Even when failures become apparent, scientists can play the feature-not-a-bug card very frequently to stay on top.


The journal I edit has a policy that the code and data has to be made available to the reviewers. I was surprised at the number of reviewers that dig into the code.


TBH, code (even when all you can do is just looking at it and understanding how it works) is probably the most useful thing to the reviewers themselves.

Imagine the equivalent for reviewing an experimental paper, if you were given a free instant travel to the place where they did the experiment and you could look at their setup and tinker with it and see how it works. I guarantee you a lot of reviewers would go for that.


I've learned that what you say is true. This is particularly the case for papers that use small datasets and not especially complicated empirical analysis.


Surprised that the reviewers do or don't look at the code?


Surprised that the reviewers do look at the code. I had assumed they wouldn't want to put the time in. In hindsight, I think it's often the case that it's faster to look at the code than to read an unclear methodological description.


Speaking as a reviewer, reviews do take an immense amount of time, especially just in trying to figure out what was done and how. Code would actually speed things up a lot.


Yes, but there needs to be a more complete solution to this. For this to happen, somebody should start funding one (relatively) professional developer per research group. Or, at least, there should be a way to fund "methodology/development" researchers/PhD students that have some domain knowledge, but mainly focus on aspects of publishing code, data, stats methodology, maintaining it, and ensuring that others can use it. Unfortunately, in many fields there does not seem to be a niche for that. But clearly this is a very important problem, possibly more important than funding a larger number of research ideas?
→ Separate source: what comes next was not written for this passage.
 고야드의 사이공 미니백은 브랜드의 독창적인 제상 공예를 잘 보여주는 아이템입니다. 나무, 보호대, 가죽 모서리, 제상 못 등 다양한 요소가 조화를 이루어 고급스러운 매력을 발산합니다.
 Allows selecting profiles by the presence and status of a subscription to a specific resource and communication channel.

In most fields papers / articles are still the one critical metric crucial for career advancement. You will sit on data and code until you are ready to publish, sometimes for years.
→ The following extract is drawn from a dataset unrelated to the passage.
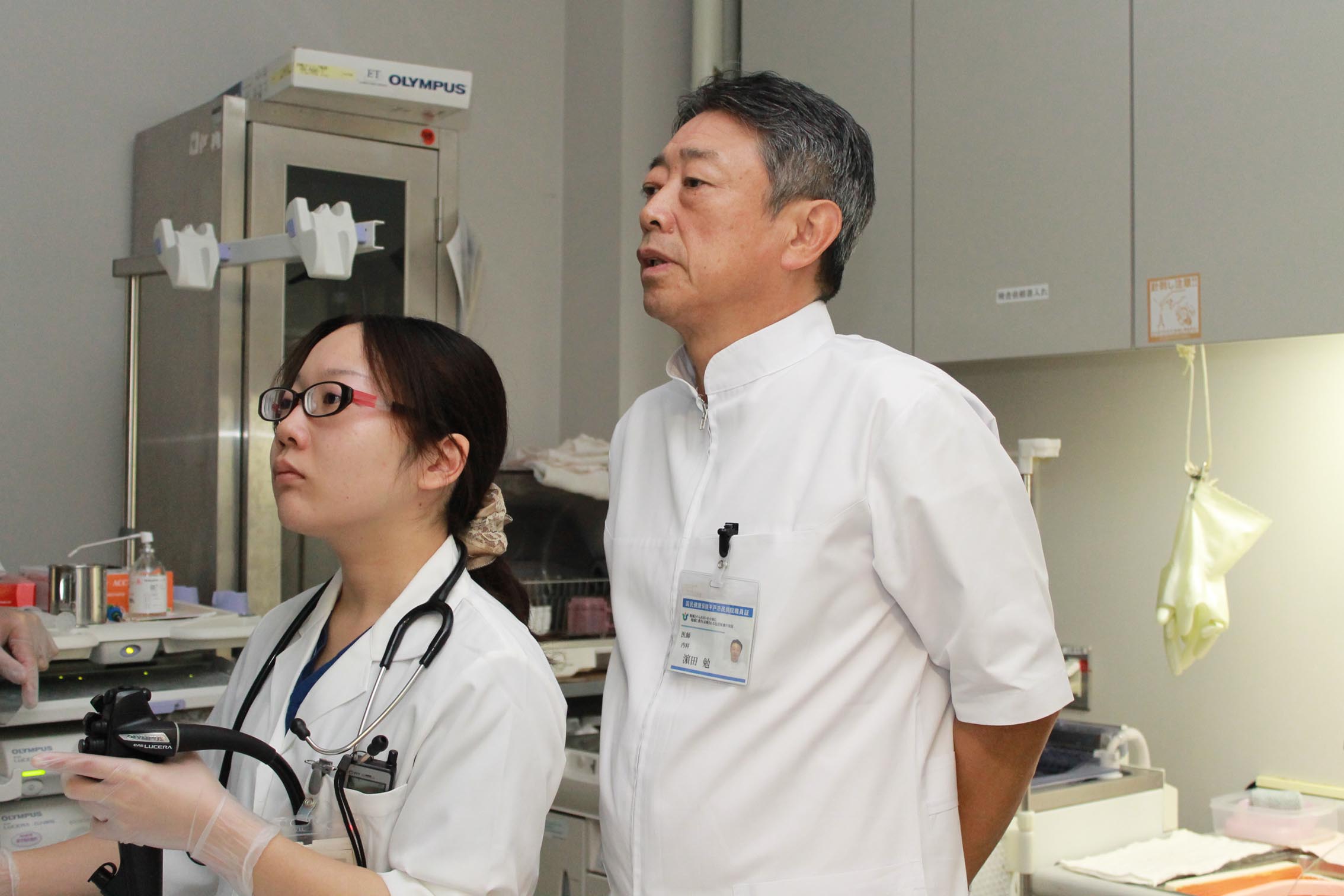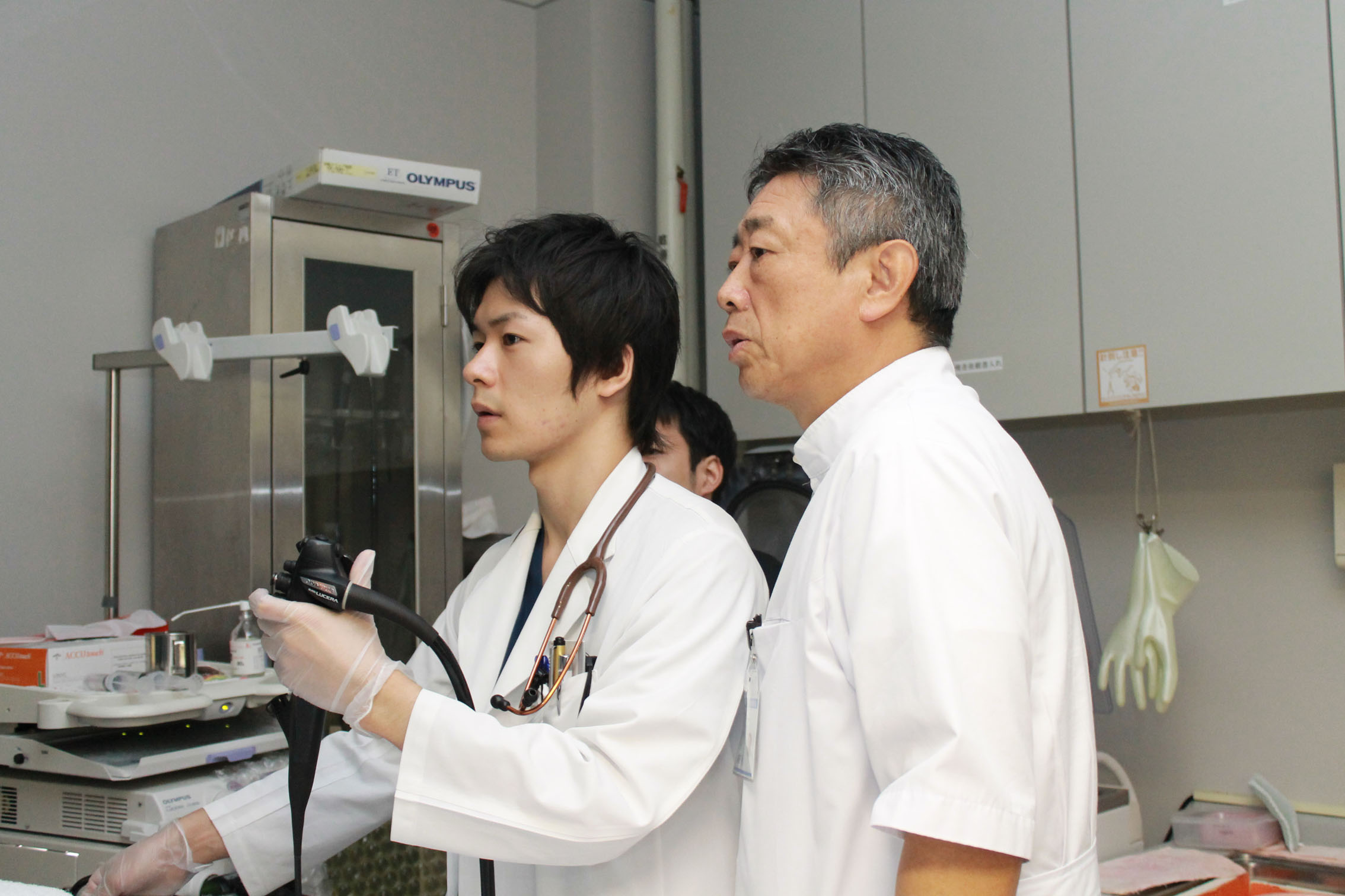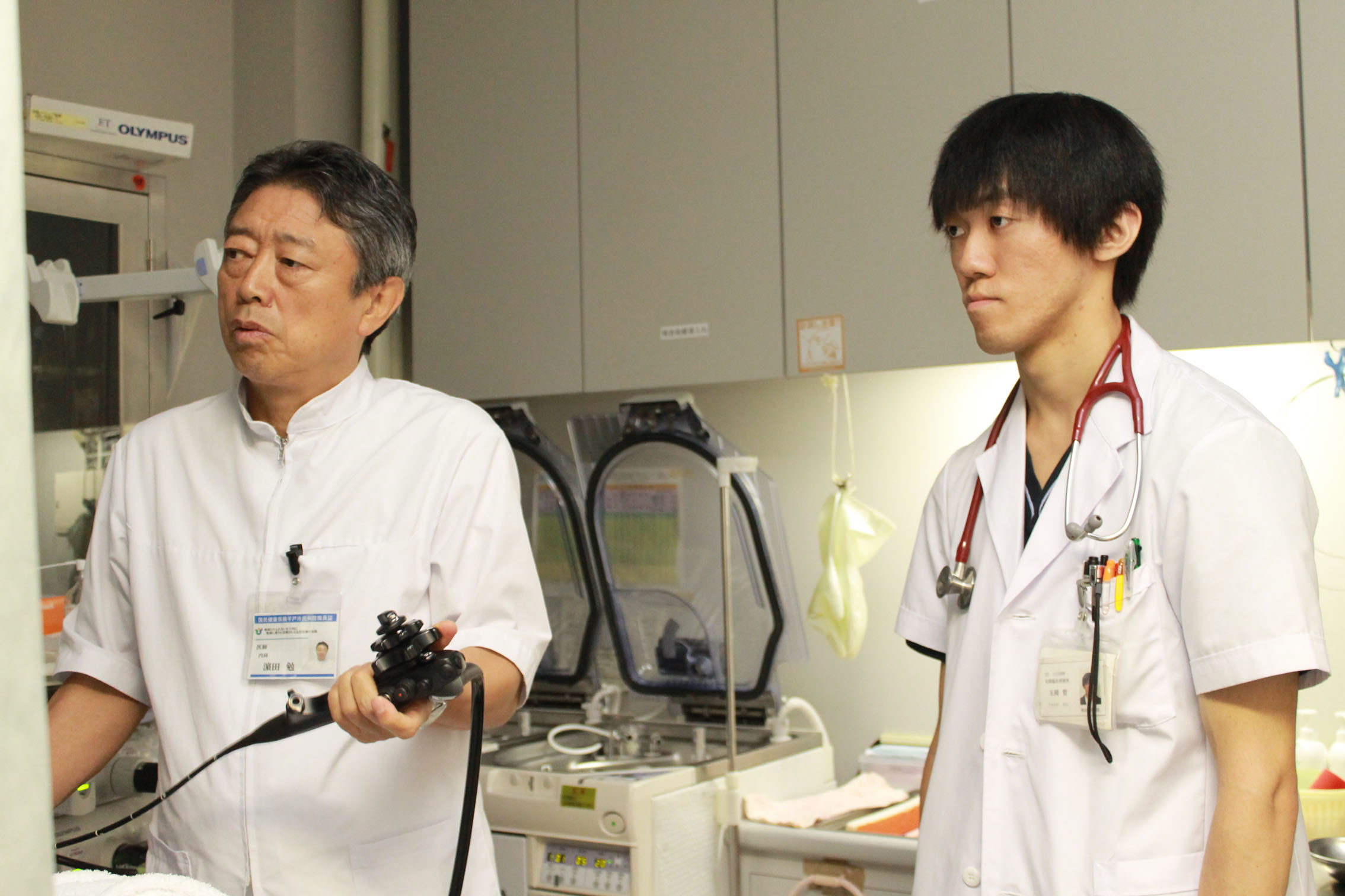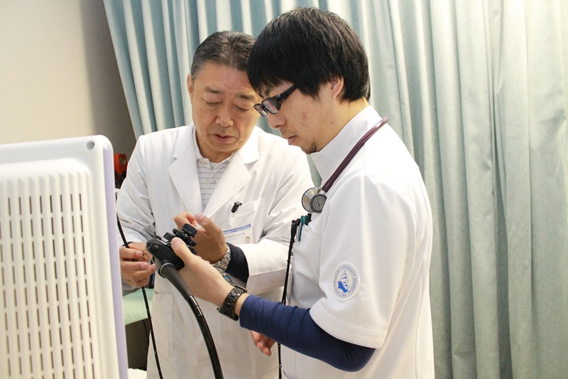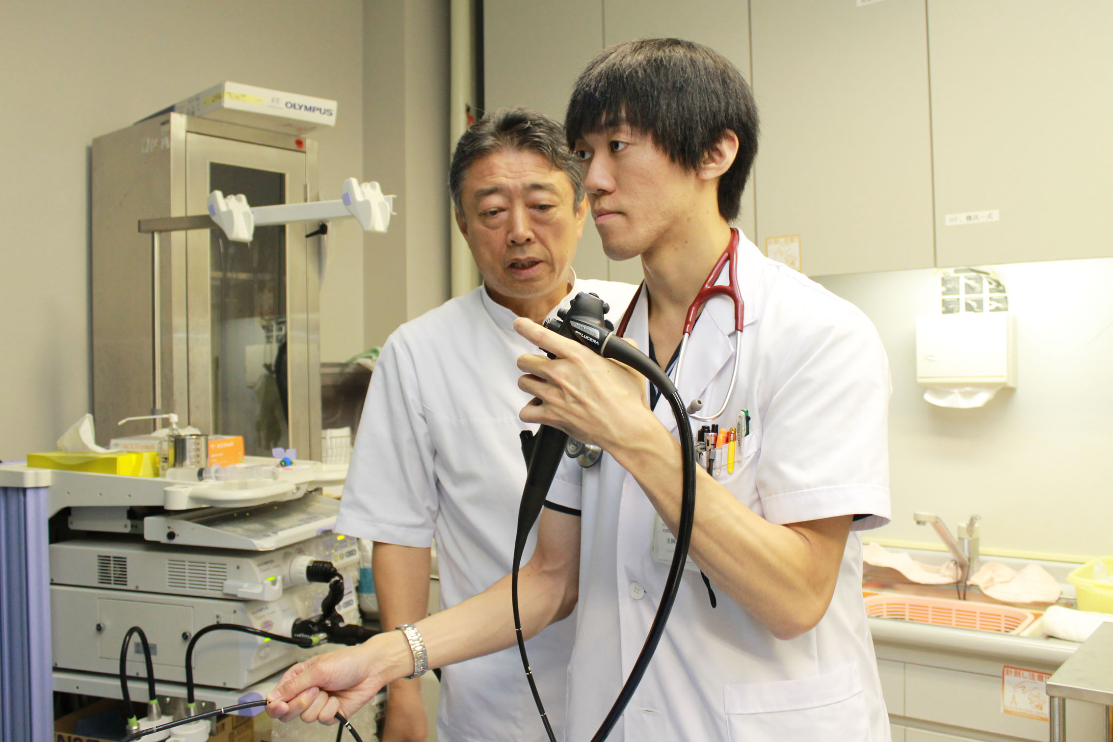 濱田先生指導による赤羽先生の内視鏡検査実習。

Datasets and analytical code must be regarded as a scientific achievement on its on, albeit not as substitute for the "full" substantive analysis in a paper.

A social science PhD in Denmark, for example, must write two to four peer reviewed papers at the moment. The option to substitute one of the articles with a data set?
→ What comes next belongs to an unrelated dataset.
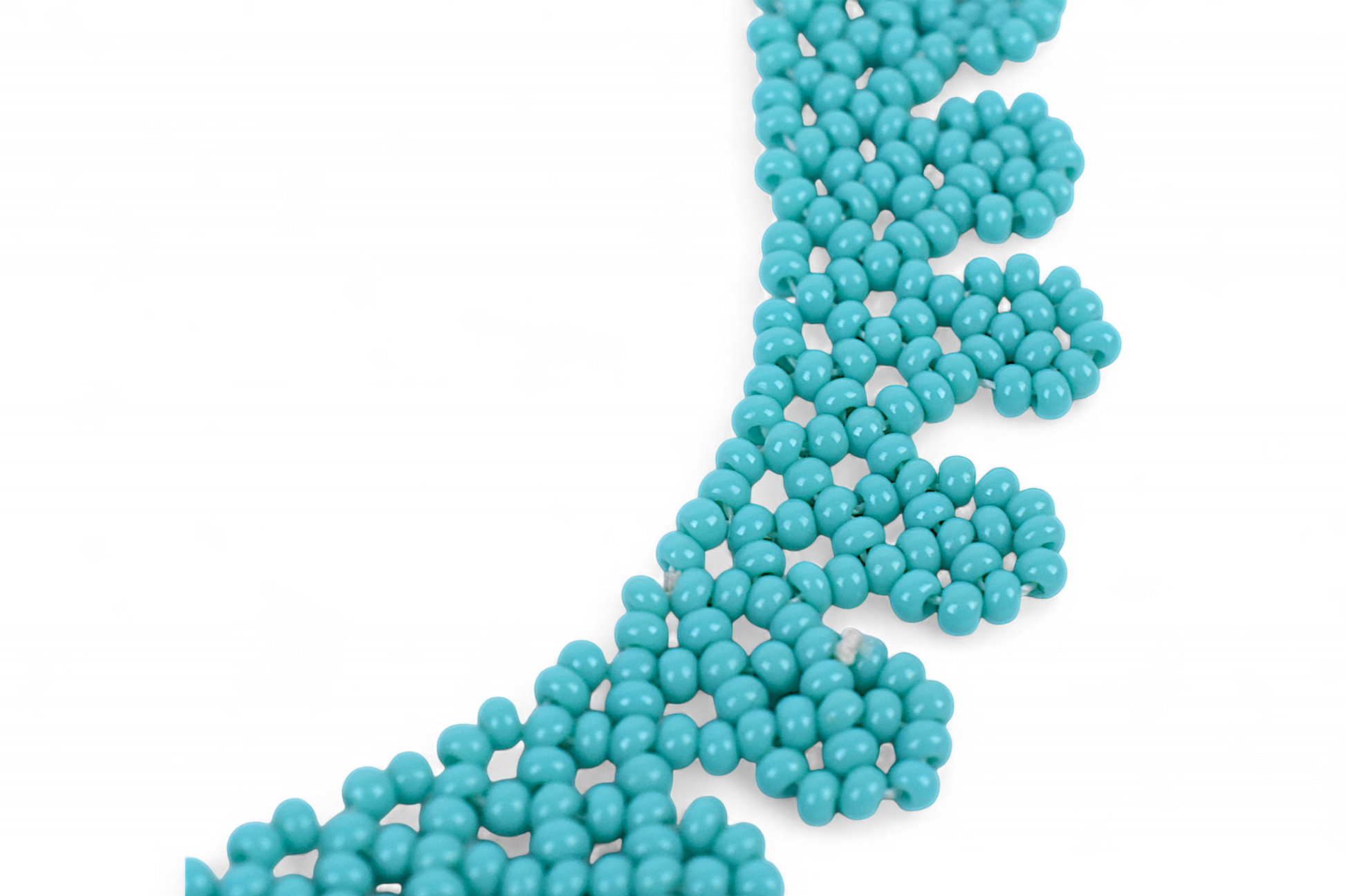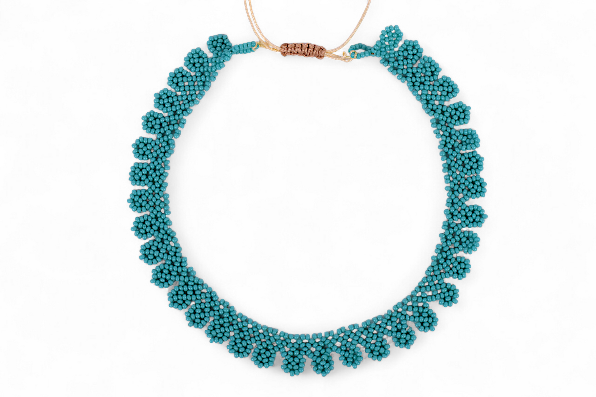 Make a bold yet versatile statement with this stunning beaded necklace. Handcrafted by Indigenous Embera Chami artisans, this piece is created using traditional beading techniques and carefully selected glass beads in radiant shades of turquoise.

Things get better though: People nowadays at least understand my citations better, since I cite at least the explicitly included R-packages used in my work.


> The workflow for modern scientific research always seems so amateurish from the perspective of basic software development.

It's sad but it's true. Although there are fundamental pressures that come because academia is academia, I pretty firmly believe that this can be fixed culturally too.

Ultimately, I think people in some fields enjoy programming but view it to be either beneath them or beneath their paper. This is clearly not the case for Computer Science, but I noticed a few papers in the tire society journal which presented promising results but with absolutely no source code.

One slightly ugly truth is that a lot of academics don't really know how to program properly or how computer actually work (Again, outside CS for obvious reasons). I'm reminded of the Imperial Covid Model's bugs as a fairly easy example.

As to culture-question - the obvious solution is to start requiring disclosure of almost all materials and data used to construct a paper - for instance if Hendrik Schon had to publish the data behind the curves in his graphs his fraud could've been spotted almost immediately.


I think the catch here is that people in academia who like cs/eng rapidly leave academia for the much better paying sde/data science roles. Then what you have left are the people who care less about the code, at least in aggregate.


I've gotta say, I don't read conservative papers, but I follow news closely, and up to this day I didn't know about the bugs. The media landscape is crazy.

However, it looks like they've been updating the model (and are at version 10 on github). I have no idea what their results look like now.


> The proper solution would be to publish the code along with the paper so that others could directly review it. Ideally, the raw data would also be published,

Definitely. Some journals and conferences have badging for papers that also submit their digital artifacts, and also for experiments that have been independently reproduced.

Personally I'd like to see entire journals or conference sessions where the code and experimental data for every paper are available for review.

Sometimes authors can't submit their code for corporate IP reasons and data for privacy or other reasons, but the more digital artifacts that can be submitted, reviewed, and built upon, the better.


> The proper solution would be to publish the code along with the paper so that others could directly review it.

This is taking root! More CS conferences should get onboard.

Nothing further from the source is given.